■ Extracted information:
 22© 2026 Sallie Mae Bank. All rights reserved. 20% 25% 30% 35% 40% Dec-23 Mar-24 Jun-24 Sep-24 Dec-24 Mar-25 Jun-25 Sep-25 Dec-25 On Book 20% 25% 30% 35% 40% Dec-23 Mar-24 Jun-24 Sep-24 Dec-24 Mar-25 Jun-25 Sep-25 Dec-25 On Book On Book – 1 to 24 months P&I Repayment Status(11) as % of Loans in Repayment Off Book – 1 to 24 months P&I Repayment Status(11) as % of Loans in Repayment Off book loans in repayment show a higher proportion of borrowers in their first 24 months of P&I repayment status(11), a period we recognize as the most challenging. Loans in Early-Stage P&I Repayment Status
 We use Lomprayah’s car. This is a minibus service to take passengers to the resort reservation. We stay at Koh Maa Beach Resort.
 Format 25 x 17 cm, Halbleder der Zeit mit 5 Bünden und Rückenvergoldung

* * *

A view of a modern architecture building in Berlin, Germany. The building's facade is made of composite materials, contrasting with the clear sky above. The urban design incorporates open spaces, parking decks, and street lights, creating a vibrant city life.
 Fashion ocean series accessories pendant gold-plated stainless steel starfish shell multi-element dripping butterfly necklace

■ What you have to do: In the listing above, find the line with "22© 2026 Sallie" and the line with "We use Lomprayah’s", then print exactly those lines and every line between them.

■ Answer box:
 22© 2026 Sallie Mae Bank. All rights reserved. 20% 25% 30% 35% 40% Dec-23 Mar-24 Jun-24 Sep-24 Dec-24 Mar-25 Jun-25 Sep-25 Dec-25 On Book 20% 25% 30% 35% 40% Dec-23 Mar-24 Jun-24 Sep-24 Dec-24 Mar-25 Jun-25 Sep-25 Dec-25 On Book On Book – 1 to 24 months P&I Repayment Status(11) as % of Loans in Repayment Off Book – 1 to 24 months P&I Repayment Status(11) as % of Loans in Repayment Off book loans in repayment show a higher proportion of borrowers in their first 24 months of P&I repayment status(11), a period we recognize as the most challenging. Loans in Early-Stage P&I Repayment Status
 We use Lomprayah’s car. This is a minibus service to take passengers to the resort reservation. We stay at Koh Maa Beach Resort.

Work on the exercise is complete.